Patience and knowing what to look for are the things that are important. Over the years, the brand has manufactured a lot of palace graphics and these are easily found in resale sites.The Palace has been producing a lot of graphics over the years and if you are looking for some of the older ones, you will find that they are present in resale sites. Not all things are rare and coveted, some are just good clothes that somebody wore twice and got rid of. You can use saved searches on Depop, regularly check Vinted and start finding Palace pieces for prices that wouldn’t make all the premium talk seem so intimidating.
The Bottom Line
Skate culture wasn’t about the highest price, it was about feeling the most original, the most fun and creating something tangible with like-minded people. Skateboarding has always had a certain kind of brands, they just weren’t the ones to be seen on Instagram or mainstream brands every time.

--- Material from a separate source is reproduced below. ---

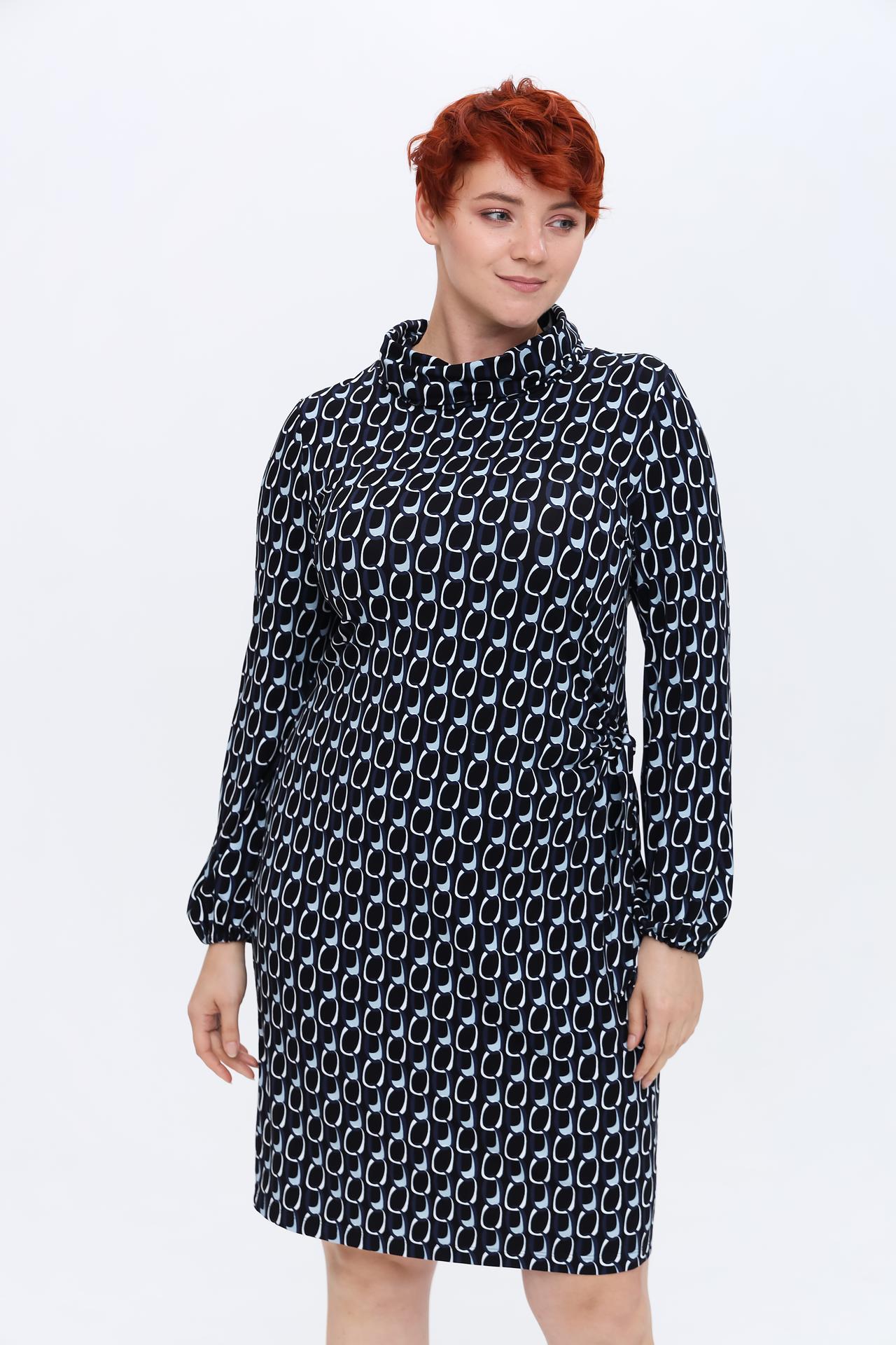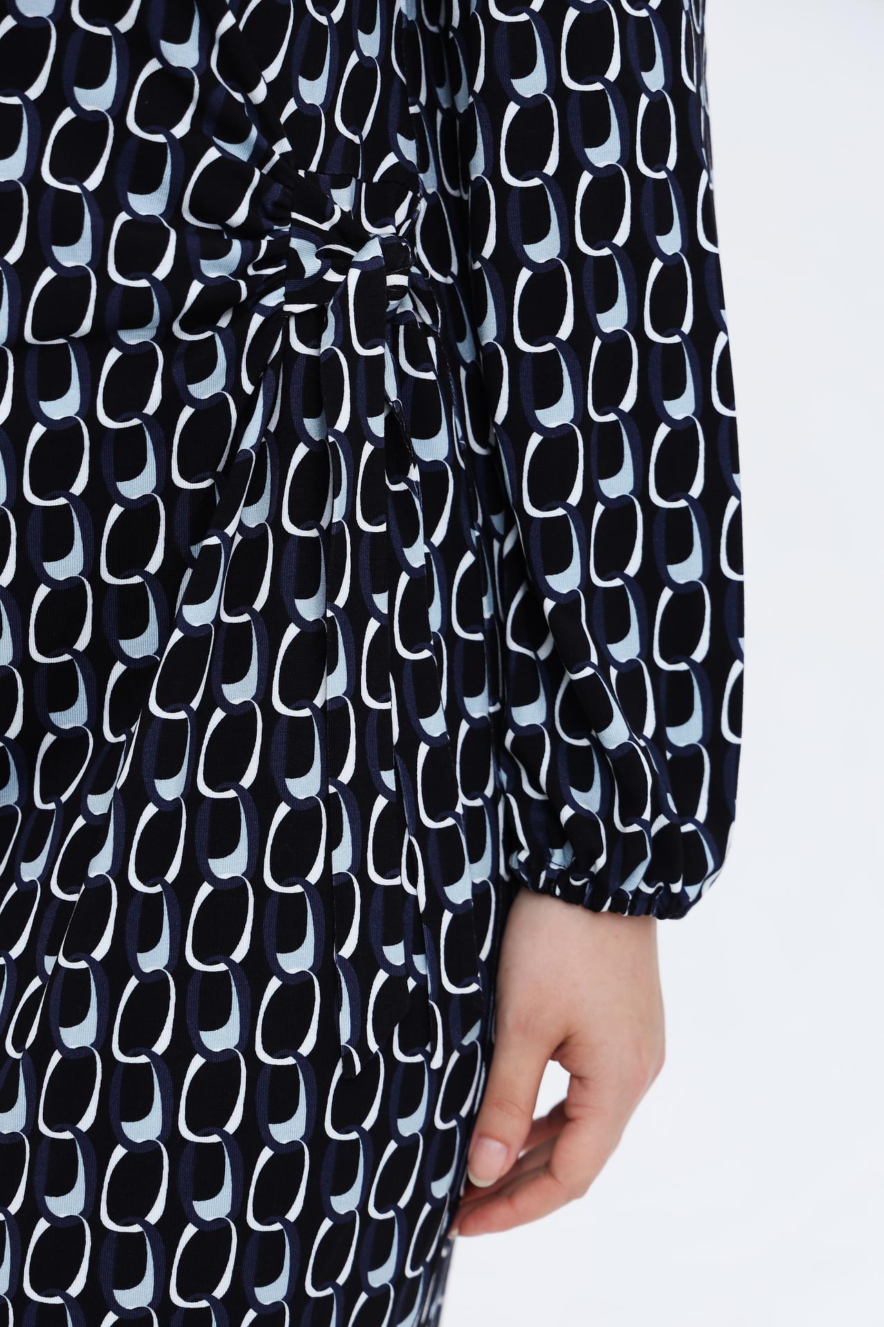 Модель выполнена в элегантном тёмно-синем цвете с оригинальным геометрическим принтом. Платье отлично подходит для повседневной носки, работы и торжественных мероприятий.

Any of the above brands will get you into a conversation at the skatepark and get you acknowledged by people that know the culture and keep money in your pocket for what really matters. Again – as with the decks above – if you purchase more to replace more decks you’ll be in it within a week.
Do wear what you love, do buy from brands with real roots and do remember the best fits have always been made to know more than those in the room that they are in, not more than them.